___ Data extract ___

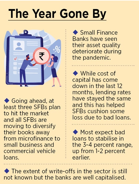 Most SFBs have recognised stress upfront and have accelerated provisioning. Sanjay Agarwal of AU Small Finance Bank says, “We look at this as a one-time event and will provision for it (through write-offs or increased capital) and then move on."
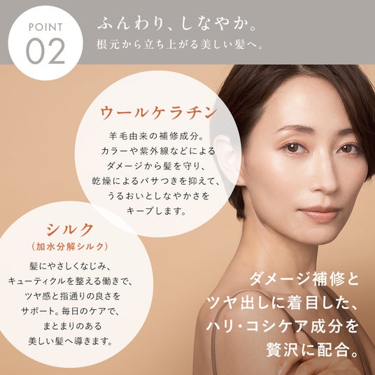 ハリ・コシのあるふんわり髪へ。根元から立ち上がるようなボリューム感をサポート。
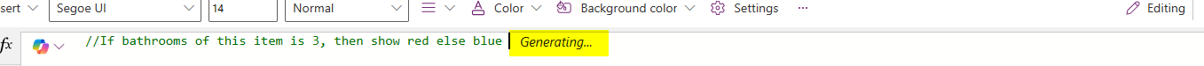 Now you can generate Power Fx using Copilot, you can start typing in natural language what you need in comments and as soon you stop typing, it shows as generating as below…you could use either // and /* */, comments can remain in the formula bar as documentation, just like with traditional code.
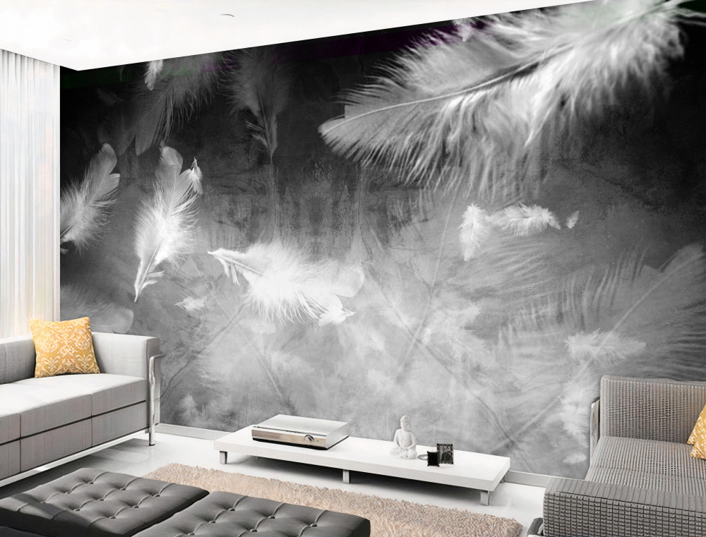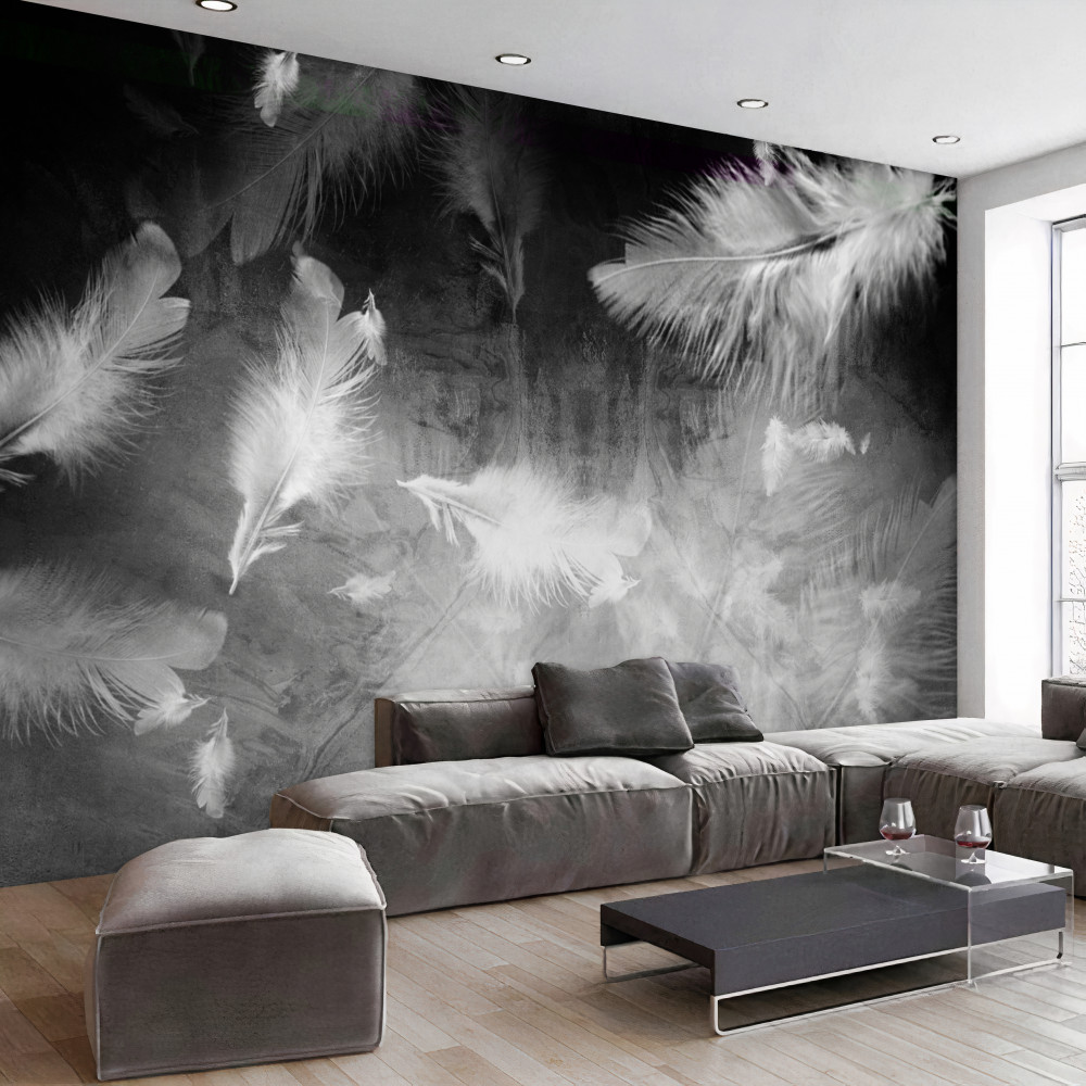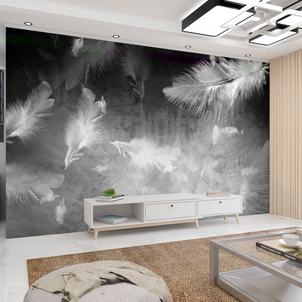 Tapeta Fototapeta białe pióra na szarym tle (artykuł a92000 ) z kategorii Fototapety 3D
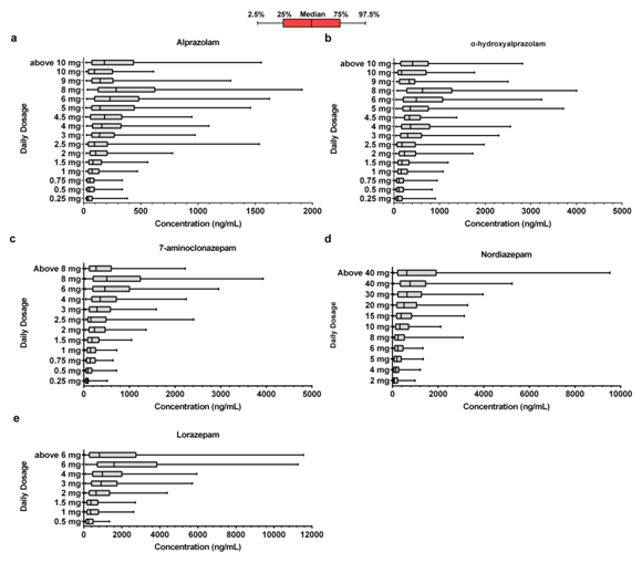 Figure 3 (a) Alprazolam concentration ranges with corresponding dose levels. (b) α-hydroxylprazolam concentration ranges with corresponding dose levels. (c) 7-aminoclonazepam concentration ranges with corresponding dose levels. (d) Lorazepam concentration ranges with corresponding dose levels. (e) Nordiazepam concentration ranges with corresponding dose levels.
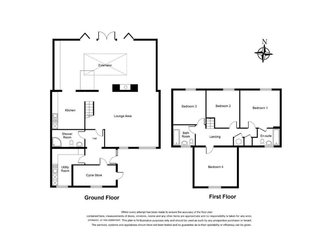 Ground Floor: Entrance hall, cycle store, utility room, W/C, kitchen and living room.
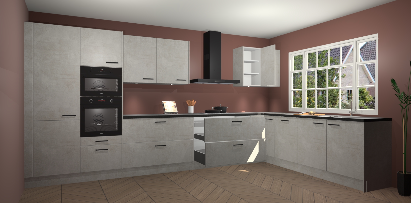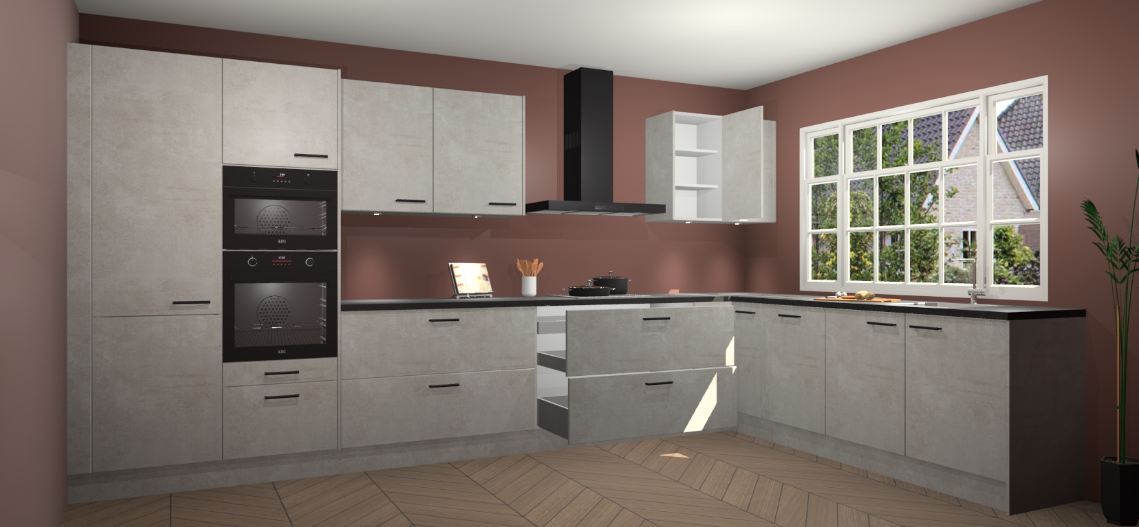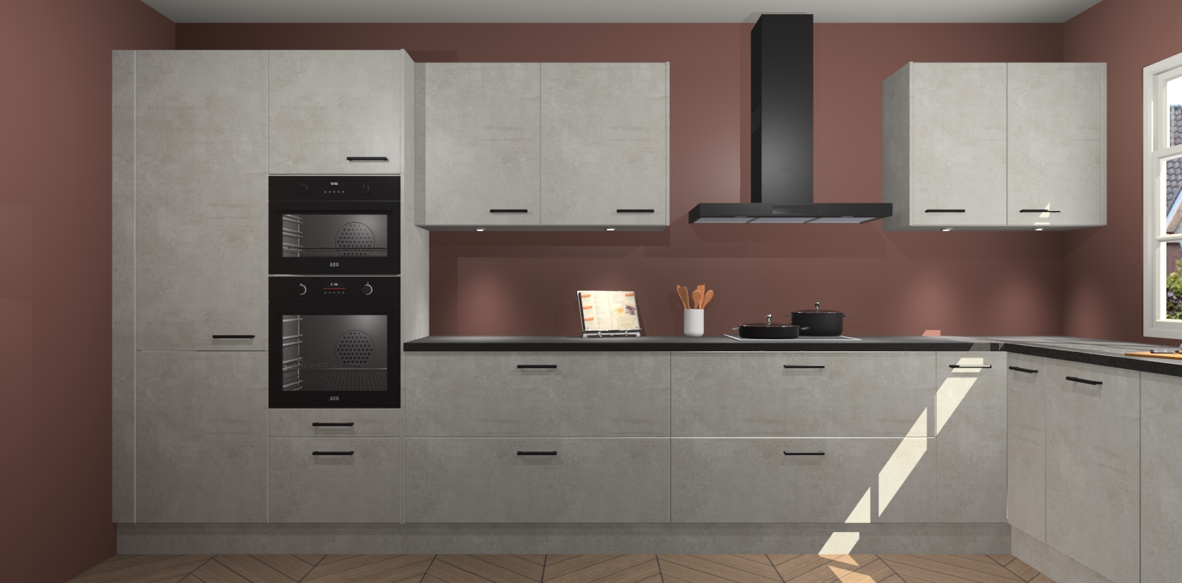 Kom dichtbij de perfecte keuken van uw dromen met de beton opaal keuken Graz. Met een prachtige houtlook en eigentijds ontwerp, straalt deze keuken warmte en sfeer uit. Of u nu liefhebber bent van traditionele of moderne stijlen, er is genoeg ruimte om aan al uw behoeften te voldoen.
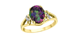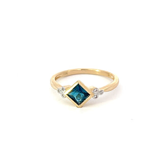 10K Yellow Gold London Blue Topaz and Diamond Ring, size 7

___

- [What you will do]:
Without any pictures, reproduce exactly the lines from the line that contains "Kom dichtbij de" to the end of the entries above, both ends included.

- [Response]:
 Kom dichtbij de perfecte keuken van uw dromen met de beton opaal keuken Graz. Met een prachtige houtlook en eigentijds ontwerp, straalt deze keuken warmte en sfeer uit. Of u nu liefhebber bent van traditionele of moderne stijlen, er is genoeg ruimte om aan al uw behoeften te voldoen.
 10K Yellow Gold London Blue Topaz and Diamond Ring, size 7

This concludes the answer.